Look At My Wad

May 19, 2016

“Entrepreneurs may be brutally honest, but fostering relationships with partners and building enduring communities requires empathy, self-sacrifice and a willingness to help others without expecting anything in return.”

Ben Parr

A connection on my LinkedIn ‘liked’ a post from a man who was announcing the birth of his first child.  I don’t know the new father but it made me smile, he was so proud of his achievement that he’d announced it to everyone he could.  The post was a week ago, I wonder if his mood is still one of elation after a few nights of broken sleep, green nappies and no clean shirts? But what saddened me was the fact that he’d felt the need to start his announcement with an apology so as not to offend those who complain about LinkedIn being used as Facebook.  Do we really work in an environment where we are supposed to have no lives, no personality, no opinions?  Are our hearts so stony that we can’t smile at someone else’s joy?  (If you have answered yes to this stop reading my blog, remove yourself from my LinkedIn and let’s never talk of this again).

So, where is the line on LinkedIn between business and social? And is any social interaction acceptable?

I accept that I don’t want to know that someone has just bought a new car (“look at my wad”**), that someone has just come back from a great holiday (it was raining last weekend when I was away so stop gloating) and I certainly don’t need to know that someone has been chatted up via LinkedIn (not that she was really complaining, just showboating).  I personally don’t find a load of motivational quotes that interesting either (I have yet to read one that’s made me think “wow, I need to work with you immediately, you are so original and I feel so much more motivated to tackle this pile of invoices now I’ve read the same quote I’ve seen 20 times on LinkedIn!).  If the quotation is supporting something else I’m being told then great, crack on, but just a load of regurgitated words?  But I accept that some people do find these things interesting and therefore they do have a place on LinkedIn.

It’s also beyond me why job adverts start with “I’m looking for”, “We are currently recruiting for” –  who cares?  These adverts just disappear into the mass of words and don’t get looked at.  Why don’t people start their adverts with something that will talk to the audience they are trying to start a conversation with? I saw an advert the other day which started with “I’m looking for a Yorkshire based IT recruiter who is sick of being micro-managed, pointless KPIs and who would like to develop and manage their own team”. What a brilliant start to a post, it’s talking directly to the recruiter who has spent all day telling their manager what they are doing whilst thinking that they are reporting to someone who couldn’t do the recruiters job half as well if they tried! I’m not suggesting that all adverts should start in a negative way but I bet these first few lines resonated with a lot of recruiters who clicked on the link and read the rest of the advert.

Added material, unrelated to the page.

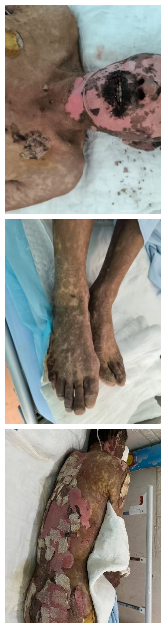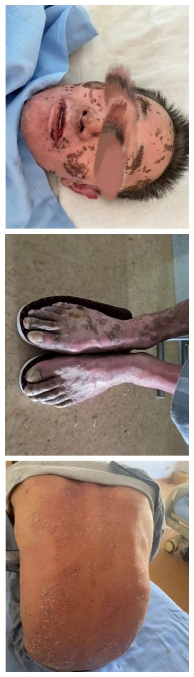 急诊门诊PE:T: 36.8℃,P: 84次/min,BP: 117/65 mmHg,R: 20次/min,贫血貌,双眼睑皮肤破溃、脓性结痂,唇部及唇周皮肤糜烂结痂、伴脓性渗出及张口困难,口腔黏膜可见散在血疱,面部、躯干及四肢皮肤可见散在及密集分布的红斑,后背部可见大面积表皮剥脱,阴囊及外阴可见硬币大小的糜烂面,均明显压痛(见图 1)。辅助检查:血常规提示白细胞10.8×109/L,中性粒细胞比率0.78%,红细胞3.85×1012/L,C-反应蛋白19.78 mg/L;速检生化全项提示钠126.3 mol/L,氯96.3 mmol/L;凝血功能提示D-二聚体8.79 μg/mL,纤维蛋白原降解产物17.77 μg/mL,血沉64 mm/h。为系统诊治,以“SJS”收住兰州大学第二医院急诊内科病房。无其他慢性病史及药物接触史。
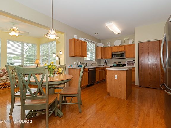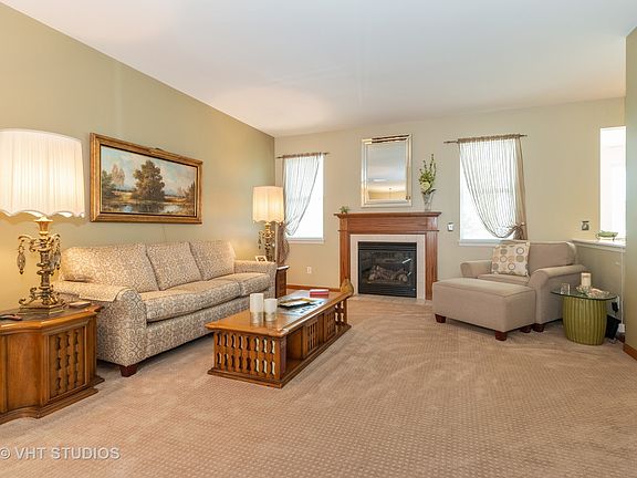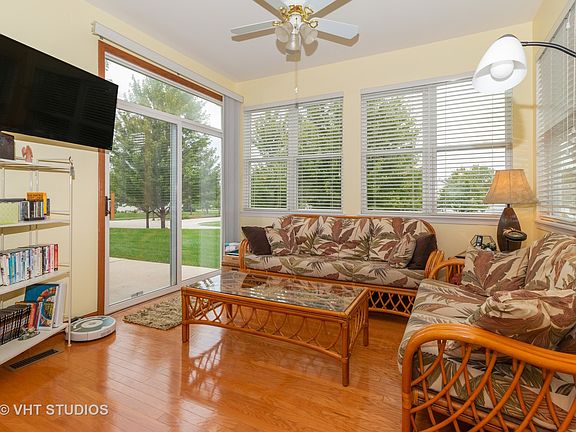 Seldom available Fountain Point model for sale in the highly regarded Grand Haven community for active 55+ adults! This elegant townhome features the largest floor plan with 9' ceilings and is priced to sell. Meticulously cared for & beautifully updated w/ stainless steel kitchen appliances, oak cabinets, wood floors and upgraded carpet. Entertaining or relaxing, this home delivers versatility. The oversized Living Room and adjacent Dining Room is great for a group or reading alone next to the fireplace. The eat-in kitchen leading into the Sunroom and outdoor double patio is perfect for a party or quietly enjoying a sunset above the tree lined yard. It lives like a single family home! Attached 2-car garage includes additional attic storage space. Community features a clubhouse with indoor & outdoor pools, tennis courts, fitness center, walking path, ballroom, salon, arts & crafts room and more. Golf course just blocks away. Convenient location; just minutes from shopping & expressways.

But I accept that as someone who would talk to the cat if it talked back, I am going to be interested in the people I work with; I’m interested if they have run a marathon, if they have raised money for charity, if they have had a baby or got married because a) I like to see people I know achieving things b) it gives me something to talk about when I next see them and it helps to build relationships.  And is that not the purpose of LinkedIn, to build relationships?

If you only want to know business related information use Google, LinkedIn is social media and by definition, that means social interaction.  Part of social interaction is empathy, the ability to recognise that other people may find things interesting that you don’t.  You wouldn’t stand in someone’s face and say “you are boring me, the information you are spouting is dull and irrelevant, please shut up” (well maybe you would but really you shouldn’t) and writing it on LinkedIn doesn’t make it less offensive.  Equally, if a group of people are talking about a work issue you don’t chip in with “I went shopping yesterday and bought some rather good fishcakes” (unless you are me and just discovered the very good fishcakes in Aldi) because frankly, you look a bit of an idiot.

LinkedIn posts should be interesting to most of your audience and your audience should be respectful enough to skip past the things that don’t interest them without stopping to be rude.  And if you only want your LinkedIn to be 100% relevant to you be more selective with your connections – if you are going to try and connect with every man and his goat, accept that your LinkedIn is going to be very diverse.

And to the nice man who announced the birth of his baby, there was no need to apologise, save those apologises for when your child is having a temper tantrum in the supermarket.  Congratulations!

 

** For those readers who weren’t around in the 80s you missed a lot of good TV, sorry.